Amigos sempre me conheceram pelo sotaque carregado que nunca consegui esconder. Sendo assim, no Paraná a pergunta vinha com frequência, mas a resposta era sempre agradável.

– Da Bahia. – dizia com um cada vez mais habitual sorriso no rosto.

Quando tinha mais tempo e disposição ainda explicava com orgulho que vinha de uma pequena cidade da Bahia, chamada Coité.

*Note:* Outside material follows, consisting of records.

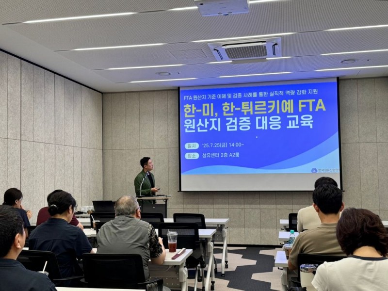 한국섬유산업연합회(회장 최병오)가 지난 7월 25일 14시부터 섬유센터 2층 Tex+Fa Campus에서 섬유패션 수출기업 임직원 50여명이 참석한 가운데 ‘한-미, 한-튀르키예 FTA 원산지 검증 대응 교육’을 개최했다.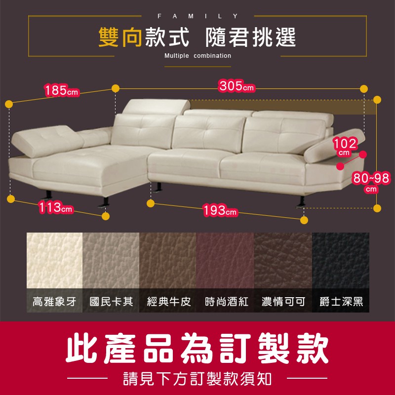 ASSARI-帝摩斯大L型半牛皮沙發-面左/面右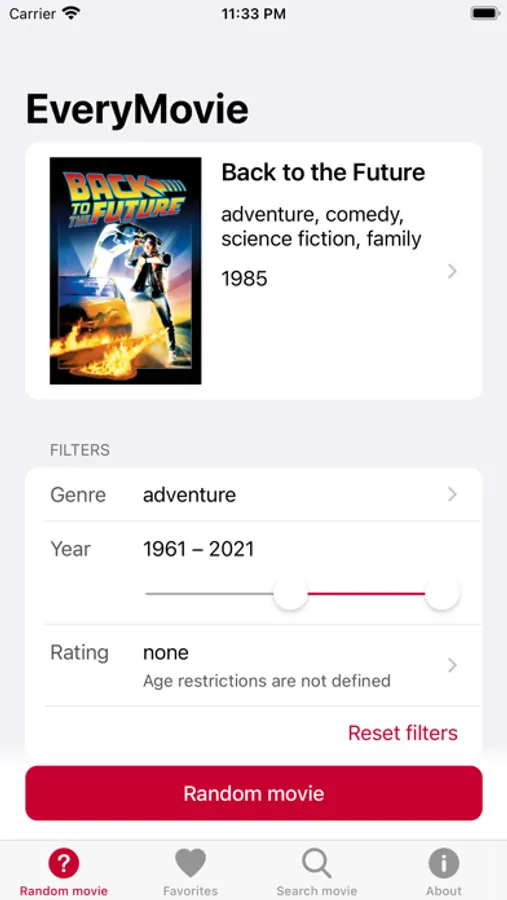 The app will save your time because for the selection of a random movie you need to press only one button.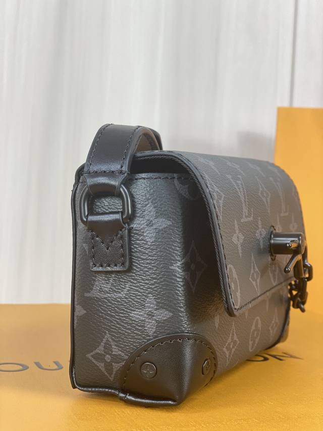 M81783黑花 Monogram Taurillon 皮革 与steamer 风格链条等经典元素相得益彰。配有可调节肩带,便于背携。拉链隔层收纳空间充裕,搭配前袋翻盖和磁铁锁扣,确保物品安全无虞。 18.0X 11.0X 6.5厘米 长度 X 高 X 宽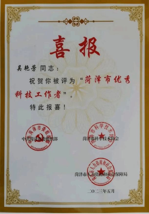 近期接到有关部门通知,我院教师吴艳芳获得了“菏泽市优秀科技工作者”荣誉称号。该荣誉称号是由中共菏泽市委组织部、菏泽市科学技术协会、菏泽市人力资源和社会保障局等单位,为了弘扬“尊重知识、尊重人才”时代风尚,激励广大科技工作者积极投身人才强市和“科教兴菏”战略,在全市范围内经过严格选树联合授予的。

O sorriso tornava-se cada vez mais comum com as minhas respostas pois já tinha notado na palavra “Bahia” o poder de soar como um verso naquelas terras. Os paranaenses não escondiam a curiosidade sobre descrições a respeito do meu Estado. Pareciam imaginar uma terra espetacular e perguntavam das praias, do sol, das festas e de toda sorte de imagens fantásticas e felizes que passavam em suas cabeças. Nunca me vi tão satisfeito com a minha baianidade. Eu aproveitava e dava corda, e assim o gelo era sempre quebrado quando precisava conhecer alguém ou perguntar algo para um desconhecido. Num local novo você sempre precisa de muitas informações, e ser simpático ajuda.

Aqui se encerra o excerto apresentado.